Hymenoxys richardsonii

Botanical Name : Hymenoxys richardsonii
Family: Asteraceae
Genus: Hymenoxys
Species:H. richardsonii
Kingdom:Plantae
Order: Asterales

Synonyms:
*Picradenia richardsonii Hook. 1833
*Actinea richardsonii (Hook.) Kuntze
*Actinella richardsonii (Hook.) Nutt.
*Hymenoxys floribunda (A.Gray) Cockerell
*Hymenoxys olivacea Cockerell

Common Names: Pingue Hymenoxys, Pingue rubberweed, Colorado rubberweed

Habitat :Hymenoxys richardsonii is native to Western N. America – Colorado to Saskatchewan and Alberta. It grows on dry, open often rocky hillsides and plains.
Description:
Hymenoxys richardsonii is a polycarpic, perennial sub-shrub or herbaceous perennial plant, usually 7-40 cm tall, with a multi-branched woody base. The flowers are hermaphrodite (have both male and female organs) and are pollinated by Insects.

CLICK & SEE THE PICTURES

Stem is distally branched or multi-stemmed at the woody caudices, normally about 20+cm, either smooth or hairy with uniform coloring.
Leaves are sually divided into 3 linear lobes, rarely simple, smooth or hairy, with an even scattering of small resin glands. Leaves concentrated around the base of the stems.

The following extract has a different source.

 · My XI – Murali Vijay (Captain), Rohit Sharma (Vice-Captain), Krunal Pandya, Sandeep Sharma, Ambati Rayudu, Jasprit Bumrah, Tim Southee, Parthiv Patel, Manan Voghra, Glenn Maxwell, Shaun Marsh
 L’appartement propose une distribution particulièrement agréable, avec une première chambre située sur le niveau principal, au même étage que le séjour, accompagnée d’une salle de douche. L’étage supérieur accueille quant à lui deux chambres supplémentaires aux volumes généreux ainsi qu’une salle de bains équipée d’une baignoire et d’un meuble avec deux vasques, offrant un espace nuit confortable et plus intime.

Inflorescence/flowers are several or many radiate yellow heads, involucres in series of 2 or more with stiff phyllaries with the outer phyllaries united at base; yellow ray flowers, papery yellow disc flowers.

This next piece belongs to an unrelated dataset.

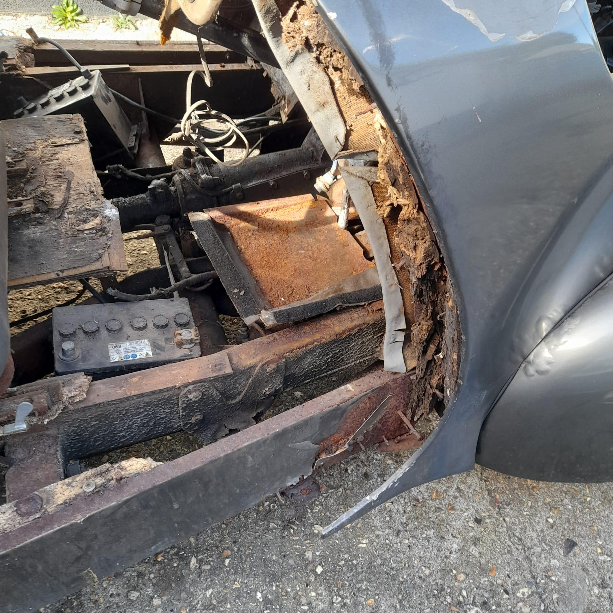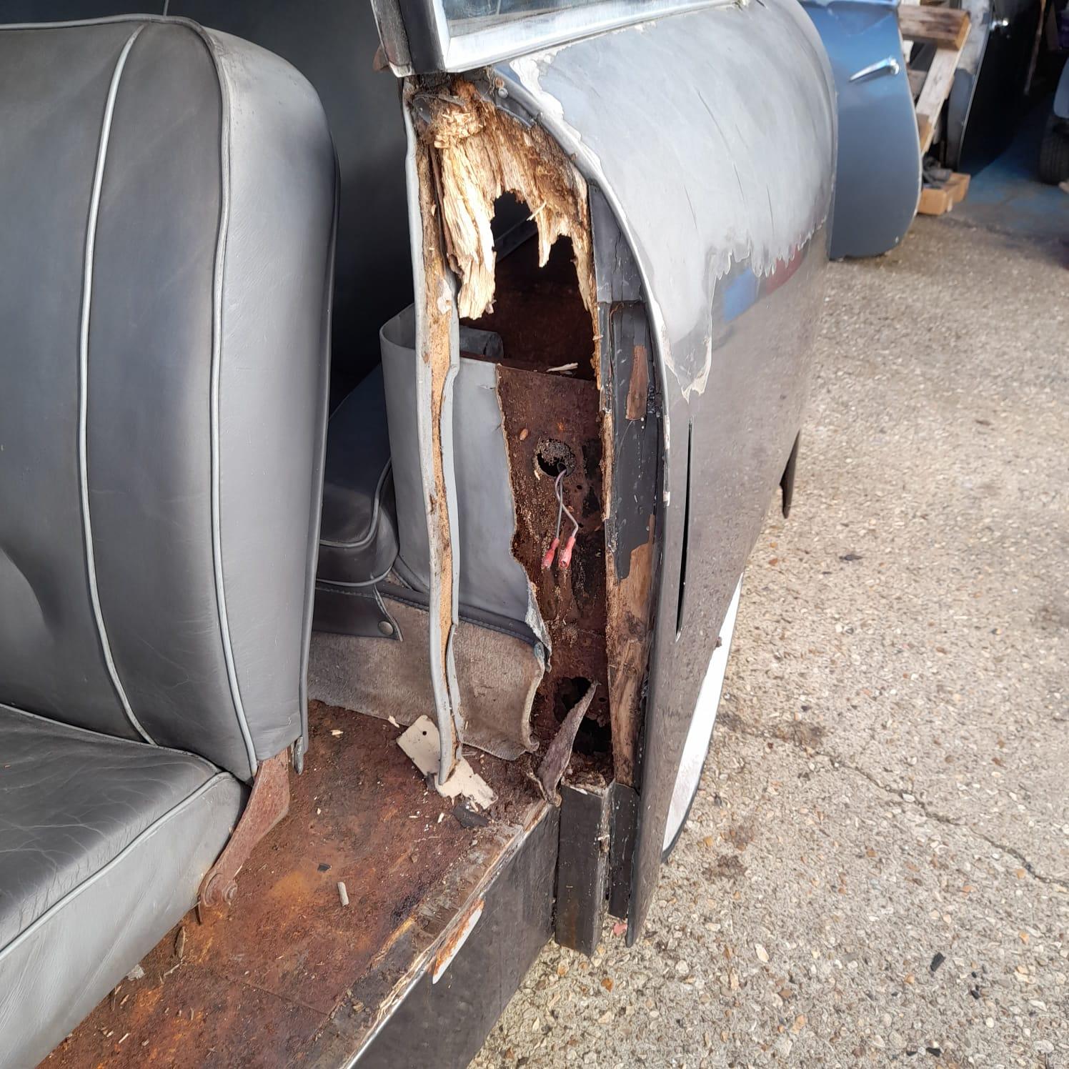 I’ll probably make a wooden battery box Ben. Yes, the woodwork is in a terrible state but my metalworking friend says the rusty sheet work is generally in reasonable condition thankfully. We took the windows out and then I made the call to remove the roof!!

Fruits are 2-3 mm achene topped with white translucent aristate pappus scales.
Varieties:
*Hymenoxys richardsonii var. floribunda (A.Gray) K.F.Parker – Arizona, Colorado, New Mexico, Texas, Utah
*Hymenoxys richardsonii var. richardsonii – Alberta, Saskatchewan, Colorado, Montana, North Dakota, Utah, Wyoming
Cultivation:
We have almost no information on this species and do not know if it will be hardy in Britain, though judging by its native range it should succeed outdoors in most parts of the country. It is likely to require a sunny position in a dry to moist well-drained soil.
Propagation:
Seed – we have no information on this species but suggest sowing the seed in late winter or early spring in a greenhouse. When they are large enough to handle, prick the seedlings out into individual pots and grow them on in the greenhouse for at least their first winter. Plant them out into their permanent positions in late spring or early summer, after the last expected frosts. Division.
Edible Uses: Gum…..A latex obtained from the root is used as a chewing gum. The skin of the root is used, the gum is obtained by pounding the roots.
Medicinal Uses: Poultice; Stomachic.

An infusion of the roots has been used in the treatment of stomach aches. A poultice of the chewed root has been applied as a dressing on sores and rashes. Among the Zuni people of New Mexico, a poultice of the chewed root applied to sores and rashes, and an infusion of the root is used for stomachache.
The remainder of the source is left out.